• Work to be completed: Output, exactly as written, the lines below starting at the line containing "北方少數民族地區都沒有養蠶的" and ending at the line containing "Mueble auxiliar de". Drop the pictures and keep both end lines.

Data for the task START

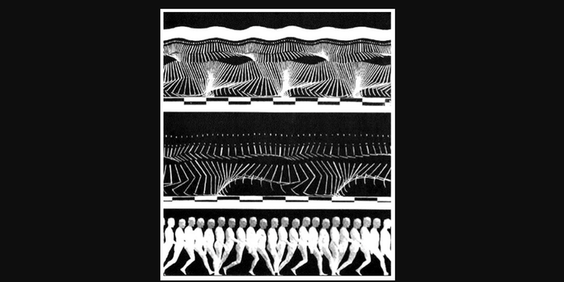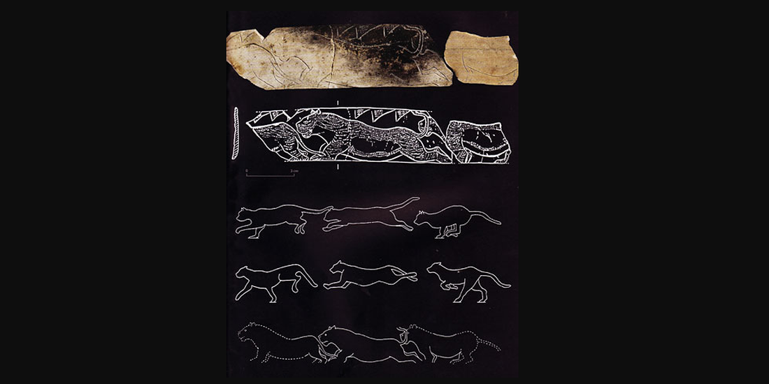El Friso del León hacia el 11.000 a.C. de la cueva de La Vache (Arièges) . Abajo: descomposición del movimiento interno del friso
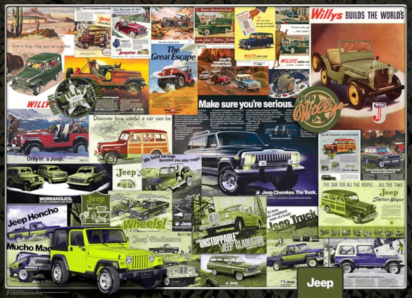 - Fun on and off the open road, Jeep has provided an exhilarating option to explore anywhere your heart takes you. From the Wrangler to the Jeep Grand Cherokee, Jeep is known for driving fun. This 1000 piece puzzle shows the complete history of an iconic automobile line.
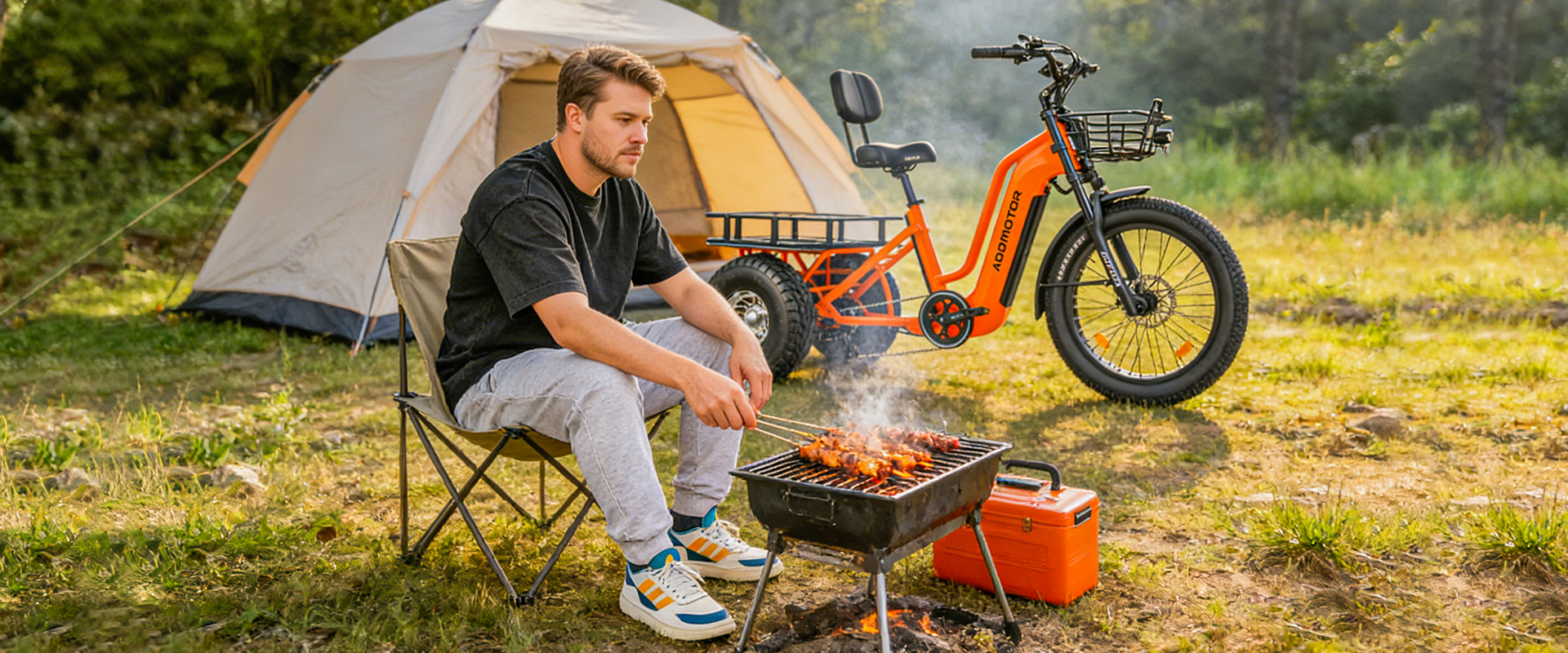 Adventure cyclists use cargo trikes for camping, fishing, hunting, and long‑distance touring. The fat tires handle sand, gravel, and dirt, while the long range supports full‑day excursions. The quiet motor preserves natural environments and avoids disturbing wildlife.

Data for the task END
Data for the task START

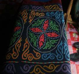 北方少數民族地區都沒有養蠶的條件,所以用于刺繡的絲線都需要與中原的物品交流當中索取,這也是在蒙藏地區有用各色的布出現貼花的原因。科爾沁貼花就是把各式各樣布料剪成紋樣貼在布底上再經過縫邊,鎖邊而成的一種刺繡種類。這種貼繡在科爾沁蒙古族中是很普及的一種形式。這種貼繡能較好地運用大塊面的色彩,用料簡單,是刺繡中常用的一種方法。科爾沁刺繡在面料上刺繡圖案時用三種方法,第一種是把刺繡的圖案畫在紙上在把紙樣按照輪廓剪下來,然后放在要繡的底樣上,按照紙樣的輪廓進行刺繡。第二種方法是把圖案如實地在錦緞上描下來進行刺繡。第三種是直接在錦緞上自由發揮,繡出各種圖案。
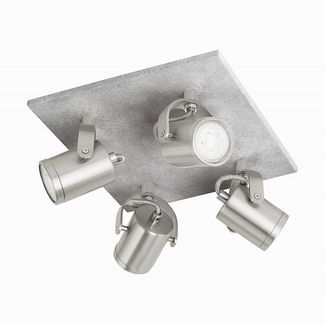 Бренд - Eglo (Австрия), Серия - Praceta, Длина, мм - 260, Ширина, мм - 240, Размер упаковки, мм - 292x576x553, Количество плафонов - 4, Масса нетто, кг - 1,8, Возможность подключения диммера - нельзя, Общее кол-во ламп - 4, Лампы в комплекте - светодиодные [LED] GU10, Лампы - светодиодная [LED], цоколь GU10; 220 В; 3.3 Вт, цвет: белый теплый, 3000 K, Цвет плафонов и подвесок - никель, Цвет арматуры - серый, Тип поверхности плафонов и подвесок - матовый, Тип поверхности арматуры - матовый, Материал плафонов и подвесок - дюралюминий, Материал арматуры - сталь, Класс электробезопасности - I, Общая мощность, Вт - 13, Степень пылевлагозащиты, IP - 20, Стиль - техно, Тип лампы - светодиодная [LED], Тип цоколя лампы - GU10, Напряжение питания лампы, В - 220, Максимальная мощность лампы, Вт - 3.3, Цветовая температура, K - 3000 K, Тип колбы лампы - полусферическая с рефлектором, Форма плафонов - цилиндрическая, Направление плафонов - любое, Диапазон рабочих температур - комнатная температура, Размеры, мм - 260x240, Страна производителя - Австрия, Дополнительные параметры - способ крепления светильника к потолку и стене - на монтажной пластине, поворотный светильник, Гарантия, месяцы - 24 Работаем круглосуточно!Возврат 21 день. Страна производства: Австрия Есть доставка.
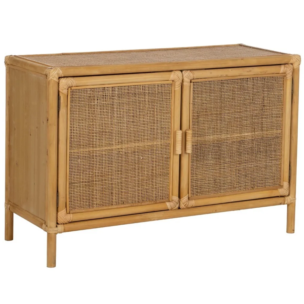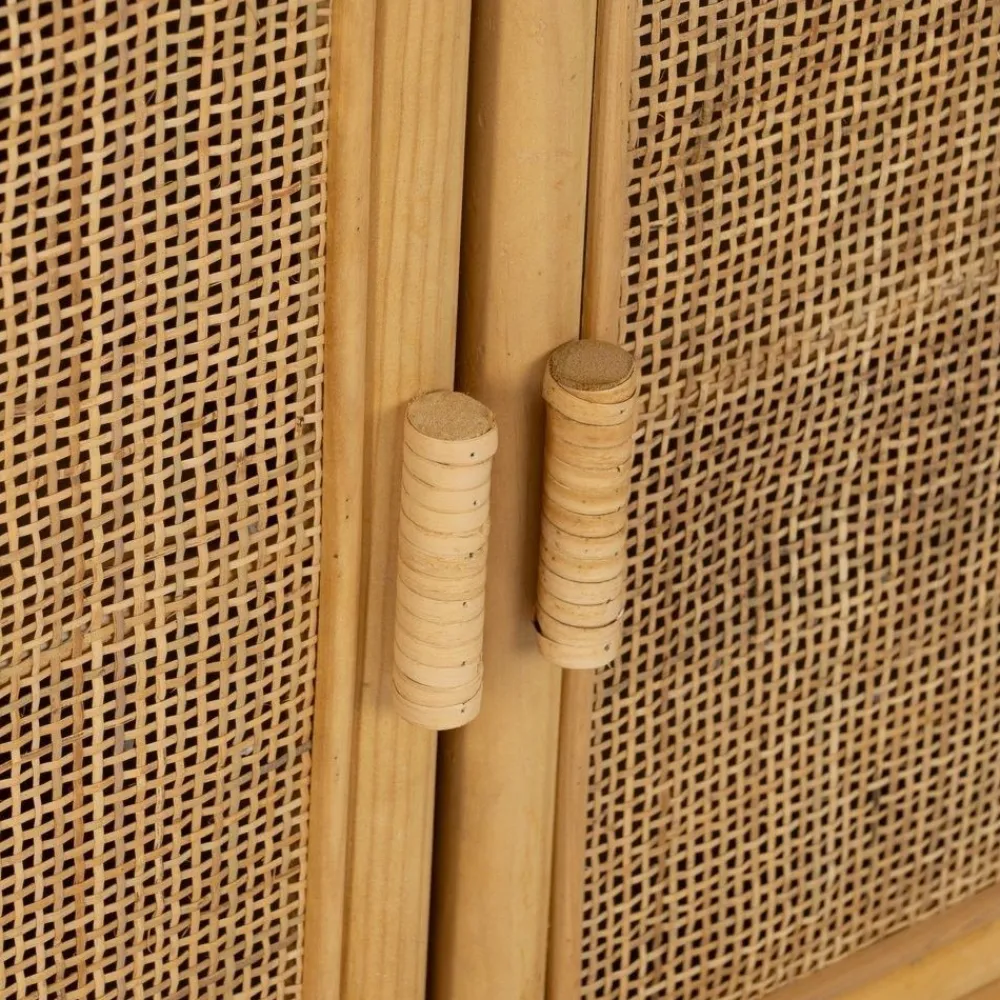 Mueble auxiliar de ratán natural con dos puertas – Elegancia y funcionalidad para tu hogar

Data for the task END

• Result:
 北方少數民族地區都沒有養蠶的條件,所以用于刺繡的絲線都需要與中原的物品交流當中索取,這也是在蒙藏地區有用各色的布出現貼花的原因。科爾沁貼花就是把各式各樣布料剪成紋樣貼在布底上再經過縫邊,鎖邊而成的一種刺繡種類。這種貼繡在科爾沁蒙古族中是很普及的一種形式。這種貼繡能較好地運用大塊面的色彩,用料簡單,是刺繡中常用的一種方法。科爾沁刺繡在面料上刺繡圖案時用三種方法,第一種是把刺繡的圖案畫在紙上在把紙樣按照輪廓剪下來,然后放在要繡的底樣上,按照紙樣的輪廓進行刺繡。第二種方法是把圖案如實地在錦緞上描下來進行刺繡。第三種是直接在錦緞上自由發揮,繡出各種圖案。
 Бренд - Eglo (Австрия), Серия - Praceta, Длина, мм - 260, Ширина, мм - 240, Размер упаковки, мм - 292x576x553, Количество плафонов - 4, Масса нетто, кг - 1,8, Возможность подключения диммера - нельзя, Общее кол-во ламп - 4, Лампы в комплекте - светодиодные [LED] GU10, Лампы - светодиодная [LED], цоколь GU10; 220 В; 3.3 Вт, цвет: белый теплый, 3000 K, Цвет плафонов и подвесок - никель, Цвет арматуры - серый, Тип поверхности плафонов и подвесок - матовый, Тип поверхности арматуры - матовый, Материал плафонов и подвесок - дюралюминий, Материал арматуры - сталь, Класс электробезопасности - I, Общая мощность, Вт - 13, Степень пылевлагозащиты, IP - 20, Стиль - техно, Тип лампы - светодиодная [LED], Тип цоколя лампы - GU10, Напряжение питания лампы, В - 220, Максимальная мощность лампы, Вт - 3.3, Цветовая температура, K - 3000 K, Тип колбы лампы - полусферическая с рефлектором, Форма плафонов - цилиндрическая, Направление плафонов - любое, Диапазон рабочих температур - комнатная температура, Размеры, мм - 260x240, Страна производителя - Австрия, Дополнительные параметры - способ крепления светильника к потолку и стене - на монтажной пластине, поворотный светильник, Гарантия, месяцы - 24 Работаем круглосуточно!Возврат 21 день. Страна производства: Австрия Есть доставка.
 Mueble auxiliar de ratán natural con dos puertas – Elegancia y funcionalidad para tu hogar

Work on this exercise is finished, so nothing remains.